Answer by Theo(13342) (Show Source):
You can put this solution on YOUR website! the sum of the roots are equal to -b/a
the product of the roots are equal to c/a
the standard form of the quadratic equation is ax^2 + bx + c = 0
your equation is:
3x^2 + 18 = (3k+2)x
subtract (3k+2)x from both sides of the equation to get:
3x^2 - (3k+2)x + 18 = 0
this equation is now in standard form of ax^2 + bx + c where:
a = 3
b = -(3k+2)
c = 18
sum of the roots are -b/a which becomes (3k+2)/3.
since sum of the roots is equal to 6, this means that (3k+2)/3 = 6.

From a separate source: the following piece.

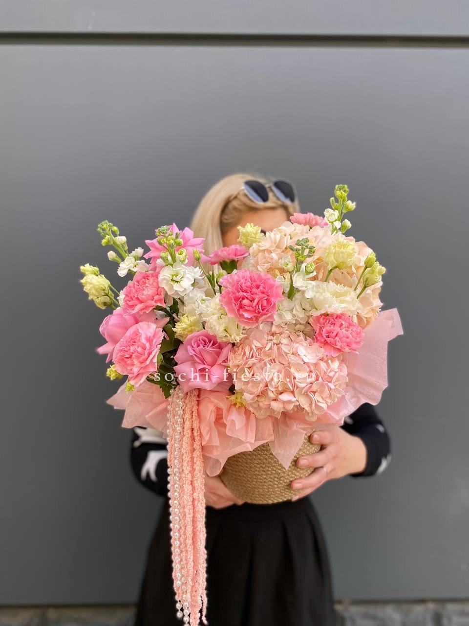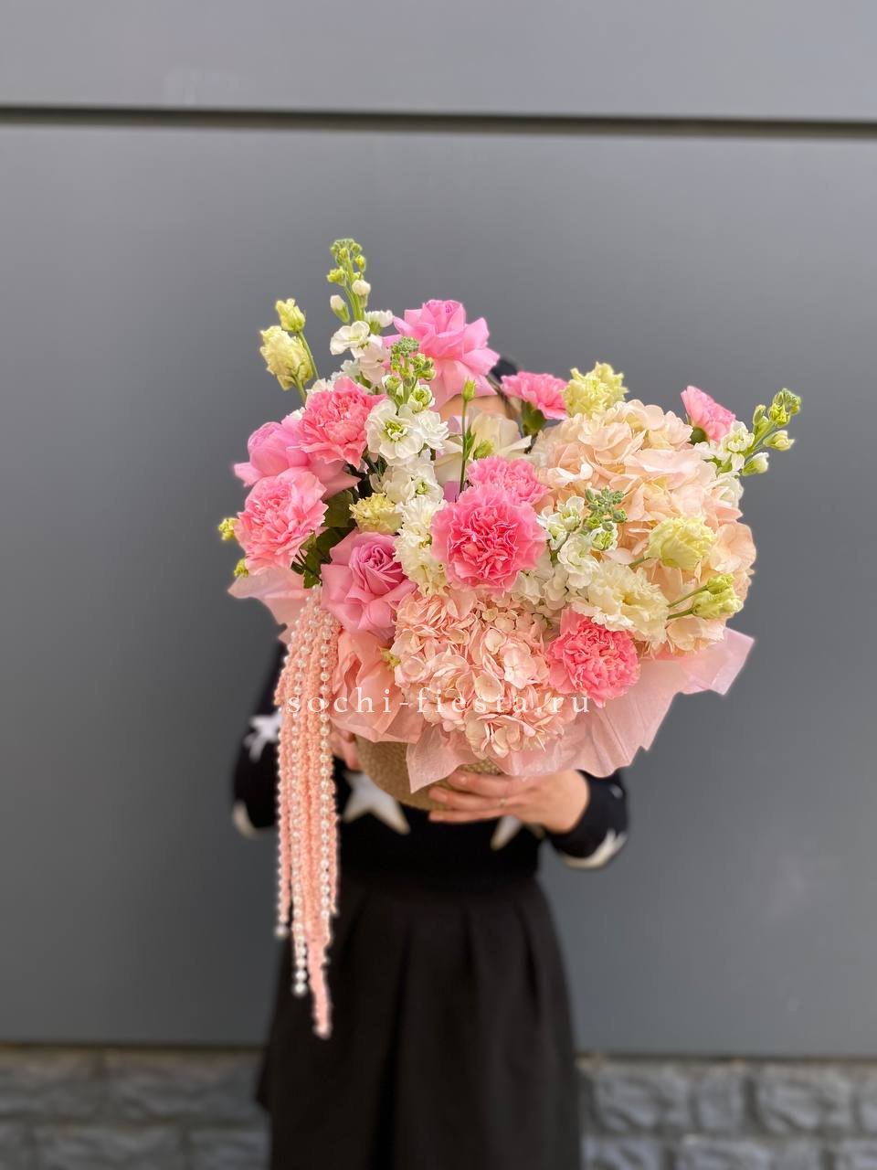 гортензия, диантус, розовые розы, маттиола, эустома, амарант, бусы (возможна замена), джутовое кашпо.

multiply both sides of this equation by 3 to get:
3k+2 = 18
subtract 2 from both sides of this equation to get:
3k = 16
divide both sides of this equation by 3 to get;
k = 16/3
that should be the value of k.
let's see if that works.
when k = 16/3, 3k+2 = 3*16/3 + 2 = 18.
your equation of 3x^2 + 18 = (3k+2)x becomes:
3x^2 + 18 = 18x
subtract 18x from both sides of this equation to get:
3x^2 - 18x + 18 = 0
divide both sides of this equation by 3 to get:
x^2 - 6x + 6 = 0
we can use the formula of sum of the roots = -b/a to get 6/1 = 6.
let's find the roots to see if the formula gave us the right answer.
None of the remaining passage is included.